Son fiel le plus amer, il le réserve aux dirigeants d'Austrian Airlines. Alors que le gouvernement autrichien s'apprête à privatiser la compagnie nationale, Niki Lauda ne se gêne pas pour fustiger son concurrent. " Depuis des décennies, cette entreprise est mal gérée : ses managers ne sont désignés qu'en fonction de leurs accointances politiques ! " Ces derniers hésitent à répliquer, même s'ils affirment disposer de documents mettant en cause tant sa probité que ses compétences économiques. " L'Autriche a peu de héros. Les télés l'invitent à tout bout de champ et, lui, il continue à se faire passer pour le pauvre Lauda à qui on a volé son joujou ", lâche, sous le sceau de la confidence, l'un de ses détracteurs. Ce dernier consent à lui reconnaître une qualité : " C'est un bon pilote d'avion. "
Depuis 1979, date à laquelle il a créé sa première compagnie, Niki Lauda a toujours obtenu les qualifications lui permettant de piloter tous les avions de sa flotte. Un privilège dont il est fier. Il vient même de mettre en ligne sur le site Internet de sa compagnie un film interactif où il explique les rudiments du pilotage. Fidèle depuis des années à Airbus, il a été invité il y a quelques mois à Toulouse pour essayer l'A380. " C'est un avion sensationnel pour un pilote ", note-t-il. Mais Niki Lauda assure que, contrairement à Air Berlin, sa compagnie ne se lancera pas dans les vols long-courriers : " La hausse des prix du kérosène rend cette activité encore plus risquée que par le passé ", estime celui qui ne peut avoir oublié les 223 passagers et membres d'équipage du Boeing 767 de Lauda Air désintégré en vol le 26 mai 1991 au nord de Bangkok.
Ce fils d'industriel assure ne jamaisrenouveler deux fois la même erreur.

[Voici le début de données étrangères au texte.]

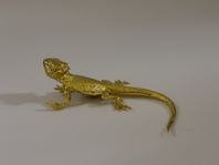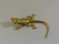 Agama - ještěrka ve zlatém barevném provedení z kovu, délka 17 cm, šířka 10 cm, výška 5 cm, váha 0,25 kg.

Il entend désormais porter sa flotte à 25 avions en 2014 en restant rentable. " Mon principe : proposer des billets dont le prix est toujours au moins 30 % inférieur à ceux de mes concurrents. " Niki survivra-t-elle à la retraite que Lauda, pour l'heure, n'envisage pas ? En tout cas, pas dans le giron familial. Ce père de deux enfants ne leur conseille pas de s'engager dans une voie où la passion fait souvent perdre la raison.
Bio express
22 février 1949 : naissance à Vienne.
1971 : débute à son compte dans la F1.
1974 : intègre l'écurie Ferrari.
1975 : 1er titre de champion du monde.
1976 : frôle la mort lors d'une brutale sortie de piste.
1977 : 2e titre de champion du monde.
1979 : création de Lauda Air et abandon provisoire de la compétition.
1982 : retour en F1 avec McLaren.
1984 : 3e titre de champion du monde.
1985 : retrait définitif de la F1.
2000 : vend ses parts dans Lauda Air.